Born in Beaumont in 1944, both Johnny and younger brother Edgar were encouraged in music by their parents. “An albino in ever-so-conservative Beaumont was going to stand out,” says noted music photographer Stephanie Chernikowski, who went to the same schools as Winter, who was a few years younger than her, and first heard him play when she was in high school. She says that even from a young age, “the Winter brothers were known as accomplished musicians and recognized as ‘others’ in a community that was not fond of others.”

Jon Paris, a skilled blues guitarist and songwriter himself who played bass with Winter throughout the 1980s, recalls Winter talking about feeling ostracized as a youth. “Johnny told me how he and Edgar were just treated like crap in school,” Paris says. Where Winter did find acceptance was, ironically, in Beaumont’s black music clubs he began to frequent as a teen.

He’d obviously learned his lessons there well when Chernikowski heard him again in Austin in the mid ’60s. “He’d come a long way, and he was awesome,” she recalls. A Winter show this writer saw in New York City in the late ’70s was not only stunning for his searing guitar work-outs, but also for how he performed with such intensity that at the end of the show, soaked in sweat, Winter had to be all but carried offstage by his road manager. He literally gave everything he had to playing his music.

“He was just a well of musical knowledge,” notes Paris. “He is rightly known as a blues master, but he was an all-around phenomenal musician. He was a man on a mission to show the world what he could do.”

Dropped from Columbia after his last record for the company in 1980, Winter carried on recording for the independent Alligator label and consistently touring. “All of us around Johnny when I was working with him in the ’80s used to say to him: ‘Johnny, why don’t you try and have a hit record, what’s so bad about that? Do a good rocking tune and try to get a hit. Then when we get out to play you’re going to have more people come that you can lay the blues on,’” says Paris. “At the time it seemed like a no- brainer: Guys like Clapton, ZZ Top and the Fabulous Thunderbirds were having hits and then getting up onstage and playing the blues.

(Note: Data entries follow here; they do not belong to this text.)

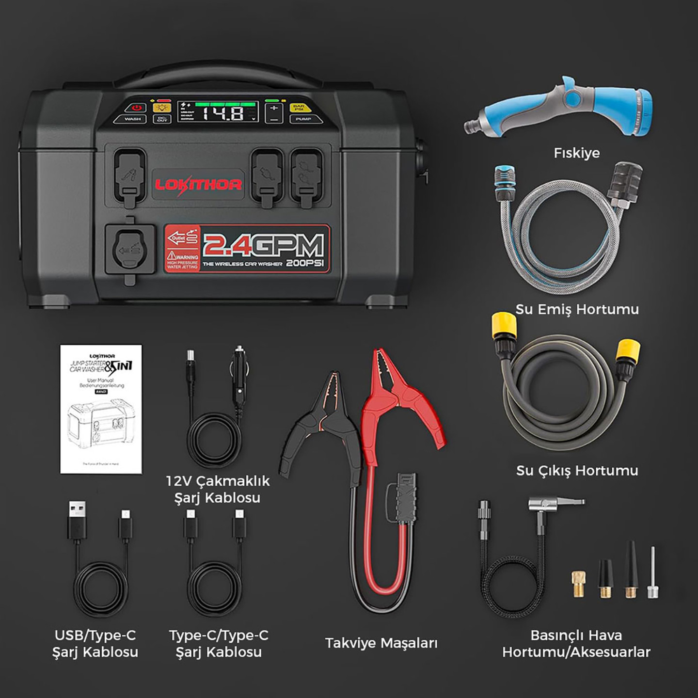 Lokithor AW401 12V 2500Amp Li-Polimer Akıllı Akü Takviye Cihazı (Pompa -Basınçlı Yıkama - Powerbank - Led Lamba)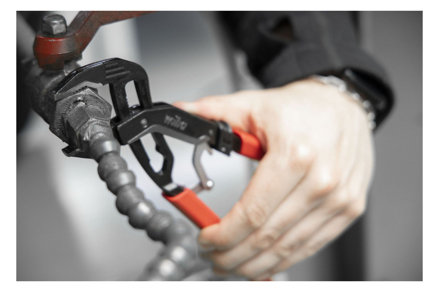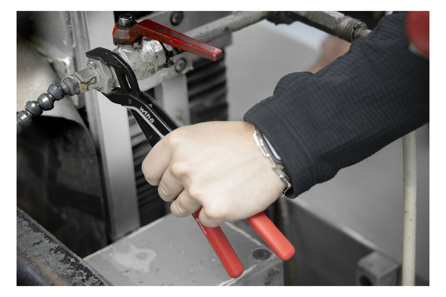 <p><b>Erleichtert die Handhabung</b>: Einfache automatische Einstellung des durchgesteckten, fein abgestuften Gelenkes.</p><p><b>Spart Zeit</b>: Schnelle Einstellung der Öffnungsweite insbesondere bei ständig wechselnden Anwendungssituationen.</p><p><b>Maße Produkt</b>: 255 x 18 x 60 mm (L x B x T)</p><p><b>Anwendung</b>: Zum schnellen und optimalen Greifen und Halten von Rohren und eckigen Profilen wie Sechskantmuttern im Installationsbereich.</p><p>Drehen, Ziehen, Greifen und Halten von z. B. Rohren oder Kontern von Schrauben und Muttern</p><p>Schnelle automatische Einstellung der Greifweite auf das Werkstück</p><p>Maximale Variabilität dank feinverzahntem Gleitgelenk</p><p>Höchste Stabilität dank durchgestecktem Gelenk</p><p>Bei Installationsarbeiten müssen Rohre, Muttern sowie runde und kantige Materialien in den verschiedensten Abmessungen bearbeitet werden. Den optimalen Halt bietet eine Wasserpumpenzange. Mit einer Rastenverstellung bietet sie maximale Variabilität bei Arbeiten im Installationsbereich, wobei die passgenaue, mechanische Einstellung automatisch beim Greifen des Werkstücks erfolgt. Dabei sind Quetschverletzungen dank des integrierten Klemmschutzes ausgeschlossen. Die Zange ist mit einem durchgesteckten Gelenk versehen, mit dem höchste Stabilität durch die doppelte Führung gewährleistet wird. Gleichzeitig sorgt die schlanke Bauform im Kopf- und Gelenkbereich für einen einfach Zugang zum Werkstück, auch in beengten Arbeitsumgebungen. Die Zangengriffe sind aus rutschhemmendem Kunststoff und verhelfen dem Anwender zu starkem Halt, selbst in öligen oder nassen Arbeitssituationen. Zusätzlich wird das Abrutschen am Werkstück durch die Selbstklemmung an Rohren und Muttern verhindert und dadurch höchst komfortables Arbeiten ermöglicht. Während dem Einsatz garantieren die hochwertigen, spezialgehärteten Zähne sicheres Greifen, auch nach langjähriger Verwendung. Die robusten Wasserpumpen Zangen sind unempfindlich gegen Schmutz.</p><p>DIN ISO 8976.</p>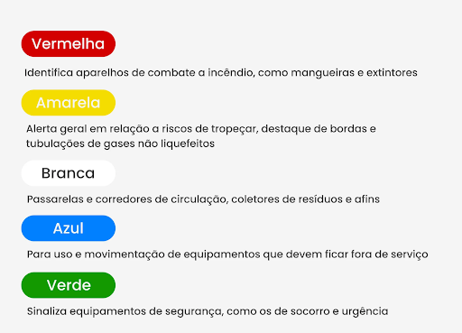 De acordo com esta última, são 12 cores de sinalização no total, abrangendo diversas funções e diferentes setores industriais.

“He said, ‘Oh no, if I have a hit record, all my blues fans will desert me,’” Paris continues. “He was so into being a blues purist and respecting the genre.”

During the height of his fame in the ’70s, Winter produced three excellent albums for Muddy Waters that won the blues legend Grammy Awards and ushered in the most successful years of his career. Winter’s hard-driving style and three-man band was an obvious influence on Stevie Ray Vaughan when he formed Double Trouble with former Winter sideman Tommy Shannon on bass.

Winter died as he lived, in a hotel room on tour in Europe. Sadly, it was just after issuing a three-disc career retrospective box set, The Johnny Winter Story, and less than two months before the release of a new album, Step Back, that features guest appearances by Billy Gibbons, Eric Clapton, Ben Harper, Dr. John, Joe Perry, Brian Setzer and others.

“It’s now a moment for celebration of his brilliance frozen for all time,” says Gibbons of Winter’s passing. “We’ve lost another of the gifted guitar greats and a truly soulful spirit.”

“He once told me how when he was a kid, he wanted to be the best blues guitar player in the world — that was his goal,” says Paris. “And he certainly is in the minds of a lot of people. Nobody could play like him. He was just unbeatable.”